━━━━━ Task data

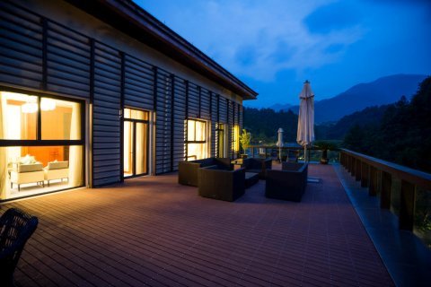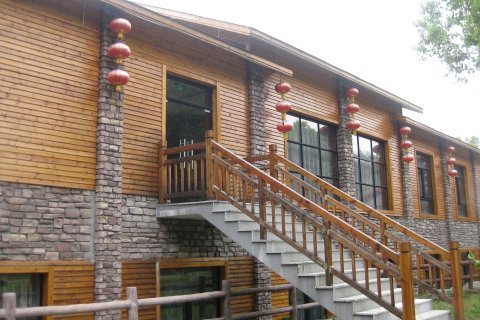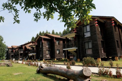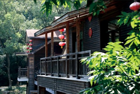 这家酒店与天目溪漂流景区相邻,距瑶琳仙境仅2公里。面前是分水江,背后是大山,环境一流。50余幢挂满红灯笼的小木屋古朴典雅,韵味十足。旺季游客多的时候,还可以在晚上参加风情篝火晚会,各种精彩的节目,乐趣无穷!
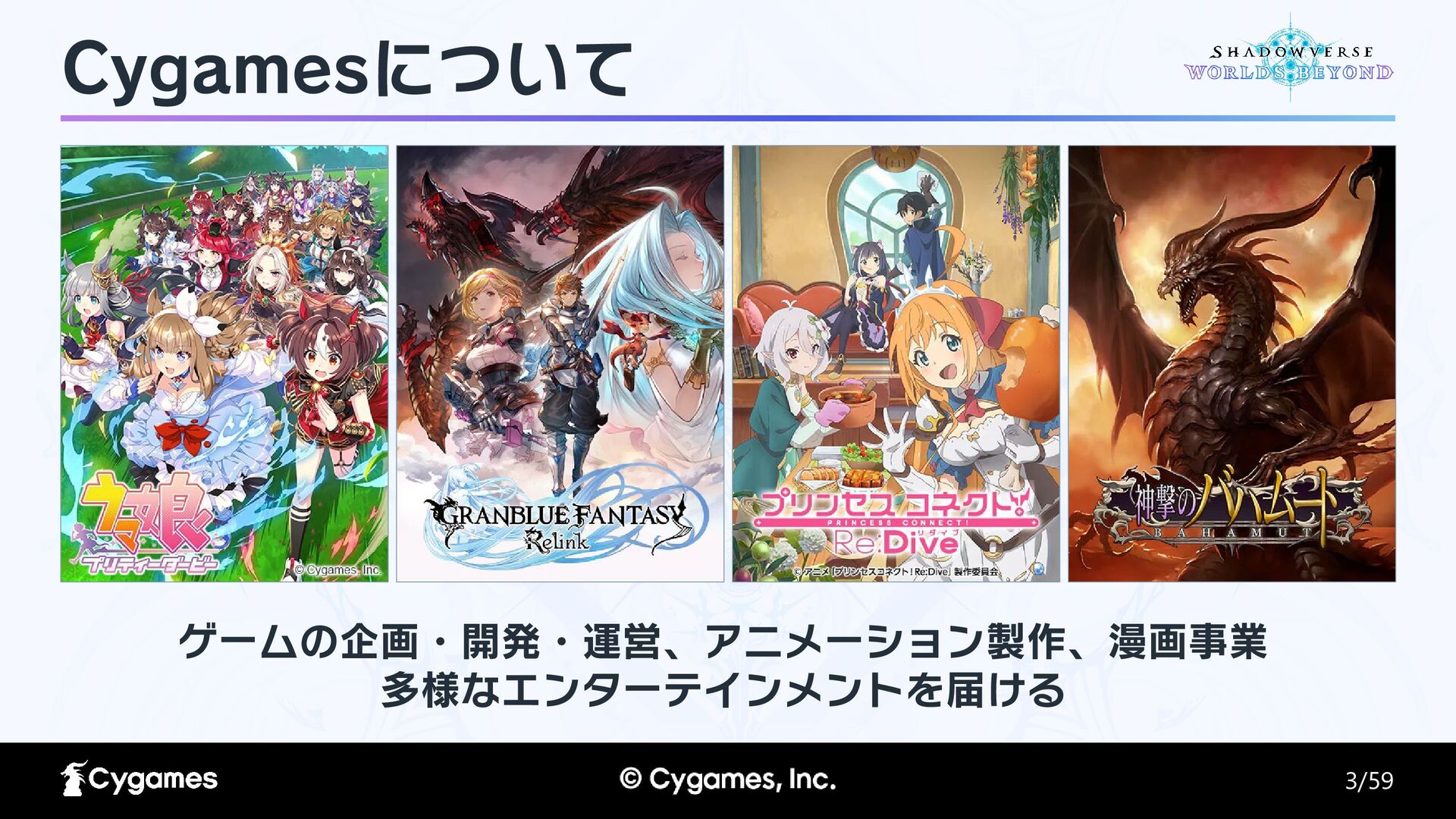 3/59 Cygamesについて ゲームの企画・開発・運営、アニメーション製作、漫画事業 多様なエンターテインメントを届ける
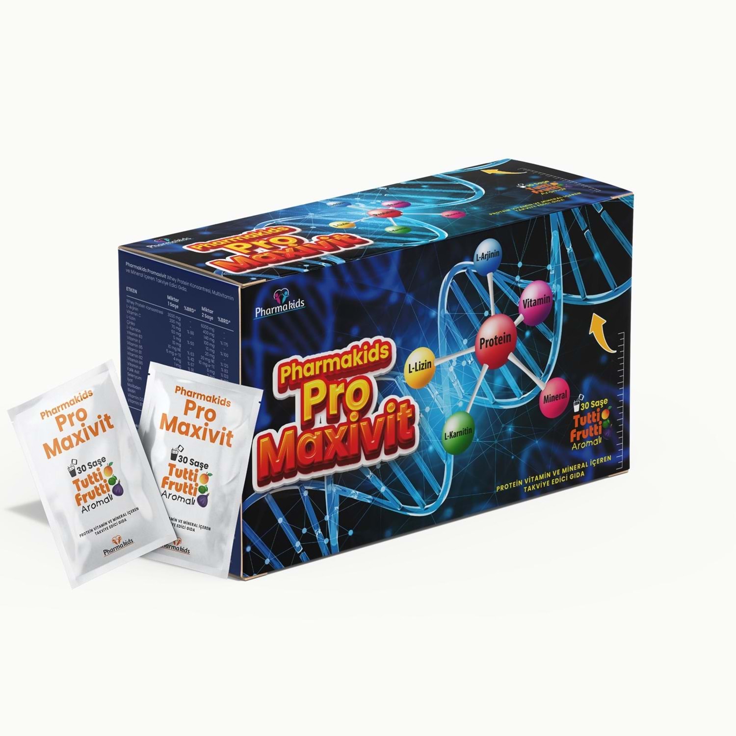 PHARMAKİDS PRO MAXİVİT 30 SAŞE TUTİ FRUTTİ MULTİ VİTAMİN VE MİNERALLER İÇERİR
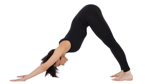 - Spread your fingers wide and create a straight line between your middle fingers and elbows. Work on straightening your legs and lowering your heels toward the ground. Your heels should be slightly wider than your toes, so the outside edges of your feet are parallel with the outside edges of your mat. Relax your head between your arms, and direct your gaze through your legs or up toward your belly button. Work on holding for five breaths.
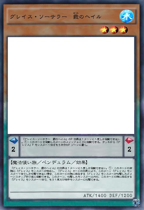 | 「グレイス・ソーサラー 霰のヘイル」のP効果は1ターンに1度しか発動できない。①:このカードを発動したターンのメインフェイズに発動できる。デッキから「グレイス」Pモンスター1体をもう片方のPゾーンに置く。 | |||
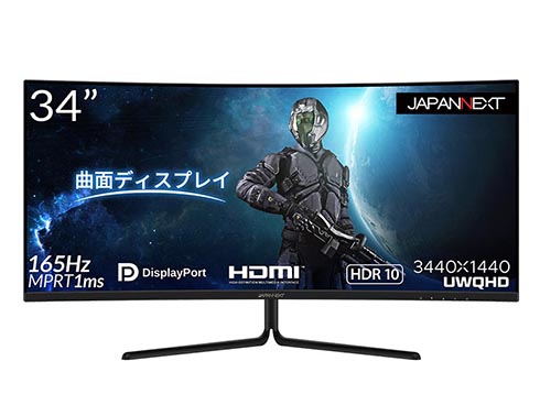 リンクスインターナショナルはこのほど、JAPANNEXT製となる湾曲設計のウルトラワイド34型ゲーミング液晶ディスプレイ「JN-VCG34165UWQHDR」の取り扱いを発表、国内法人向けとして販売を開始した。予想実売価格は5万9980円(税込み)。
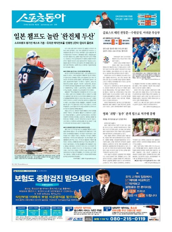 2008년 3월 15일자부터 최근 발행된 스포츠동아 신문 지면을 보실 수 있습니다. (지면 PDF파일 다운로드도 가능)
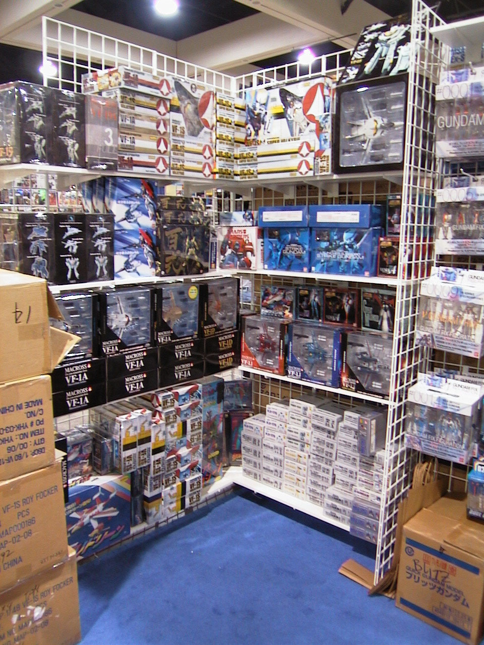 4600 T-shirt booth King Roach Booth with DVDs and some smut Anime Pavillion - Steve's store. The usual Taiwan knockoff CDs, but he had a few cool posters his pile. Macross booth - at the end of the row, a guy had a big whack of Macross kits. The also has a Dan Cougar one at $90 and a bigger one at $235 USD.
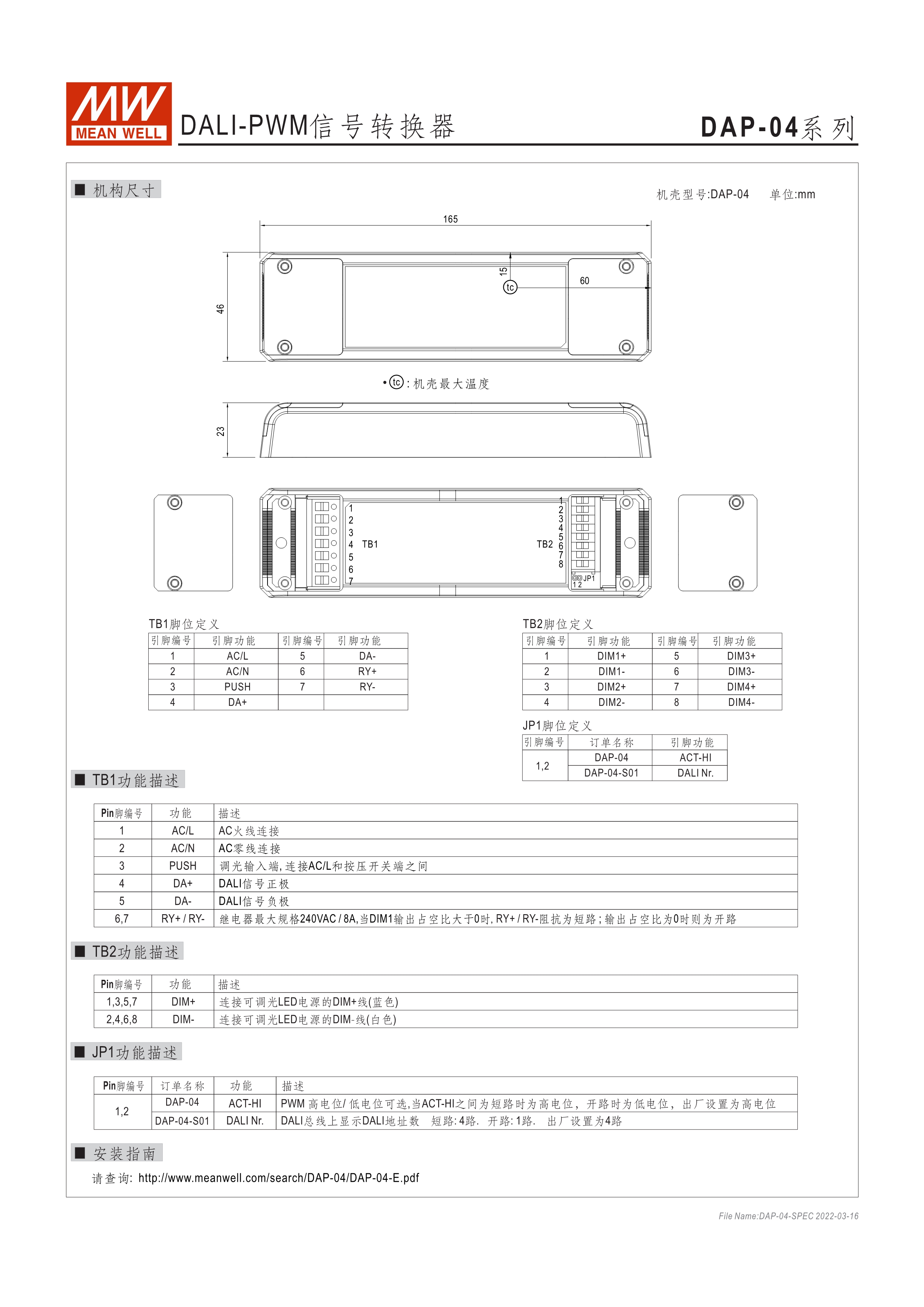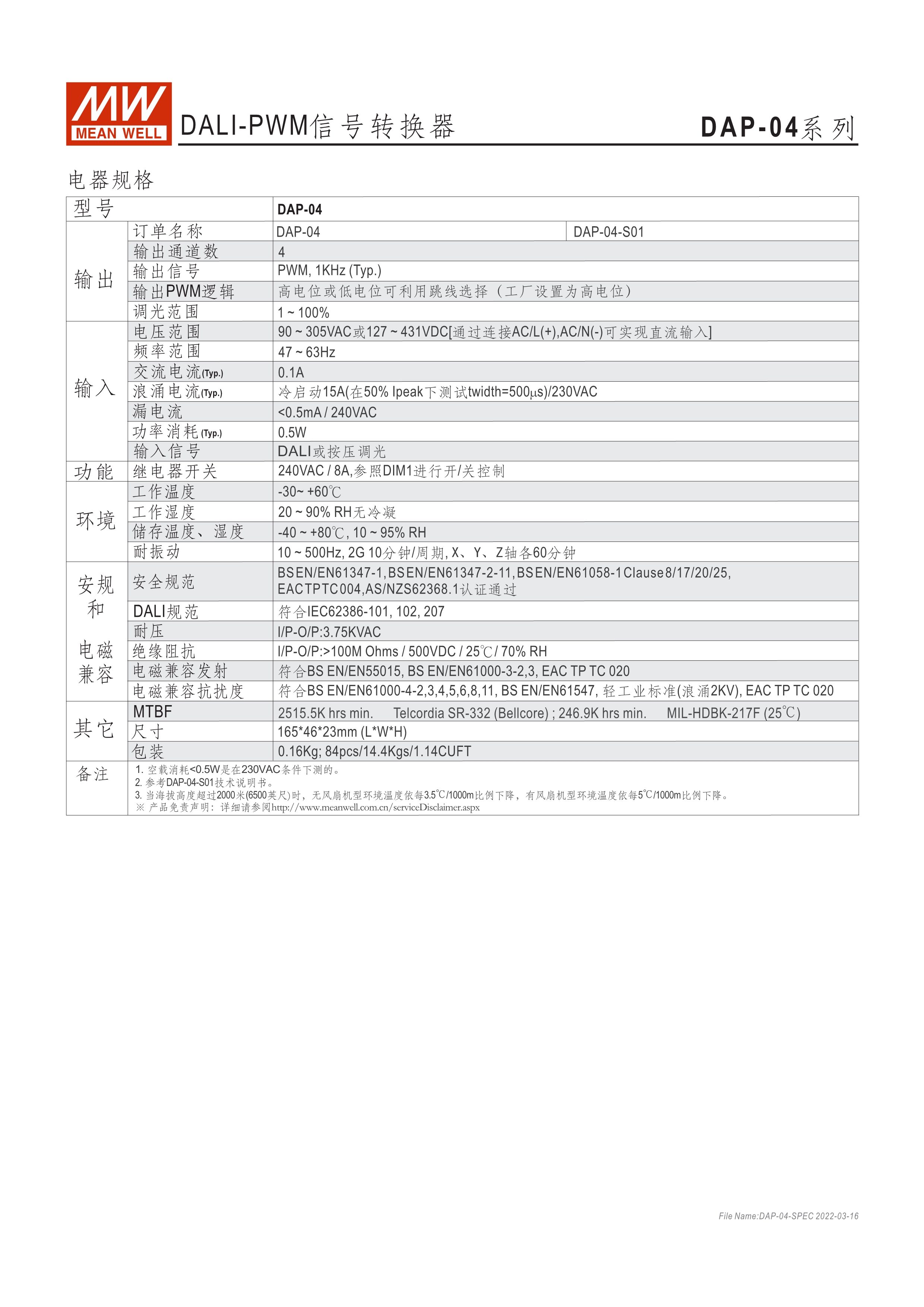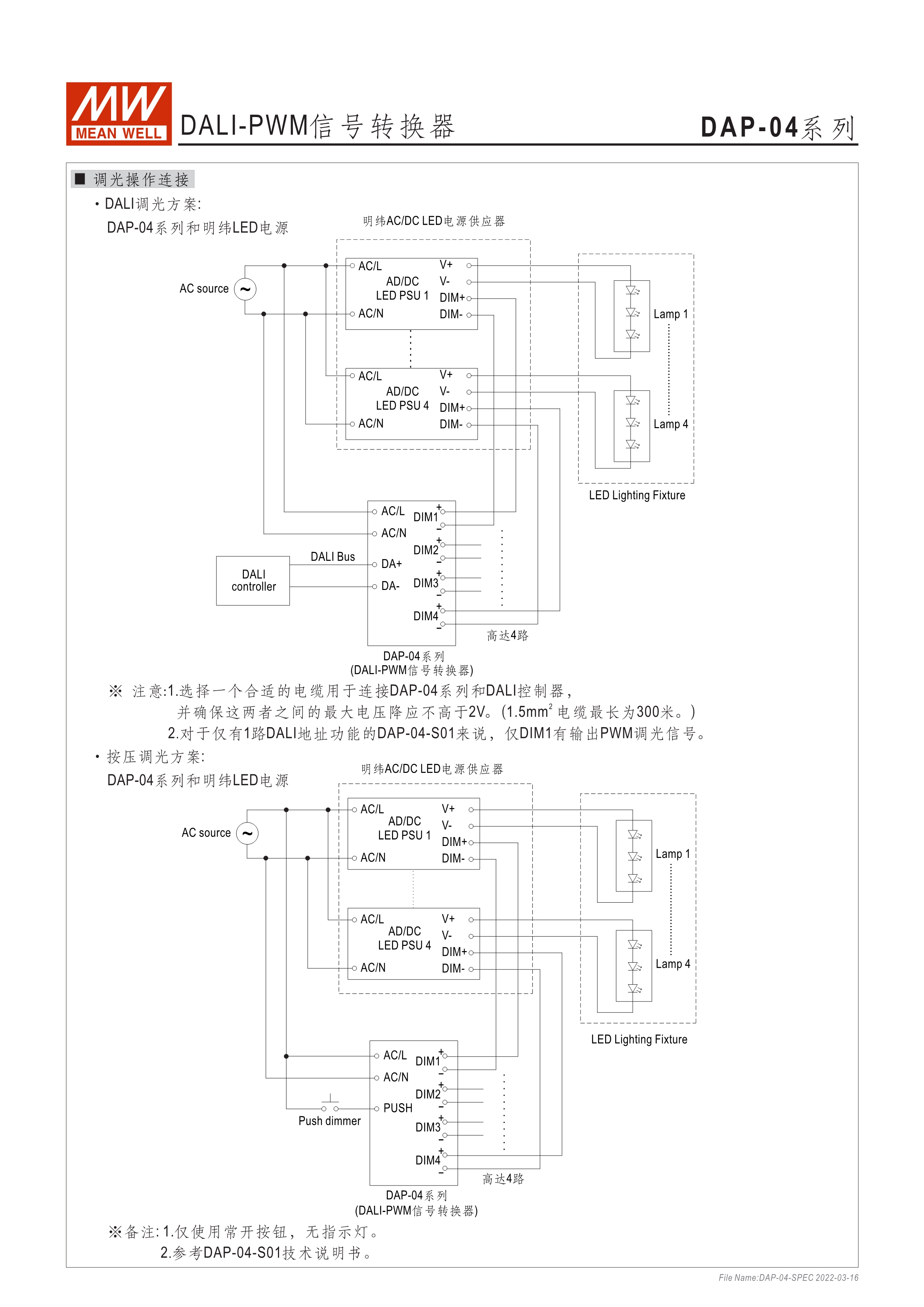 90~305VAC交流輸入 DALI訊號轉(zhuǎn)換為PWM訊號 4組DALI可尋址輸出通道 符合DALI標(biāo)準(zhǔn)(IEC62386-101, 102, 207) 適合與明緯具3合1調(diào)光功能之AC/DC LED電源供應(yīng)器搭配使用

━━━━━━━━━━

— Task item —
Transcribe each of the records above precisely, with no pictures in the copy.

— Exercise solution —
 这家酒店与天目溪漂流景区相邻,距瑶琳仙境仅2公里。面前是分水江,背后是大山,环境一流。50余幢挂满红灯笼的小木屋古朴典雅,韵味十足。旺季游客多的时候,还可以在晚上参加风情篝火晚会,各种精彩的节目,乐趣无穷!
 3/59 Cygamesについて ゲームの企画・開発・運営、アニメーション製作、漫画事業 多様なエンターテインメントを届ける
 PHARMAKİDS PRO MAXİVİT 30 SAŞE TUTİ FRUTTİ MULTİ VİTAMİN VE MİNERALLER İÇERİR
 - Spread your fingers wide and create a straight line between your middle fingers and elbows. Work on straightening your legs and lowering your heels toward the ground. Your heels should be slightly wider than your toes, so the outside edges of your feet are parallel with the outside edges of your mat. Relax your head between your arms, and direct your gaze through your legs or up toward your belly button. Work on holding for five breaths.
 | 「グレイス・ソーサラー 霰のヘイル」のP効果は1ターンに1度しか発動できない。①:このカードを発動したターンのメインフェイズに発動できる。デッキから「グレイス」Pモンスター1体をもう片方のPゾーンに置く。 | |||
 リンクスインターナショナルはこのほど、JAPANNEXT製となる湾曲設計のウルトラワイド34型ゲーミング液晶ディスプレイ「JN-VCG34165UWQHDR」の取り扱いを発表、国内法人向けとして販売を開始した。予想実売価格は5万9980円(税込み)。
 2008년 3월 15일자부터 최근 발행된 스포츠동아 신문 지면을 보실 수 있습니다. (지면 PDF파일 다운로드도 가능)
 4600 T-shirt booth King Roach Booth with DVDs and some smut Anime Pavillion - Steve's store. The usual Taiwan knockoff CDs, but he had a few cool posters his pile. Macross booth - at the end of the row, a guy had a big whack of Macross kits. The also has a Dan Cougar one at $90 and a bigger one at $235 USD.
 90~305VAC交流輸入 DALI訊號轉(zhuǎn)換為PWM訊號 4組DALI可尋址輸出通道 符合DALI標(biāo)準(zhǔn)(IEC62386-101, 102, 207) 適合與明緯具3合1調(diào)光功能之AC/DC LED電源供應(yīng)器搭配使用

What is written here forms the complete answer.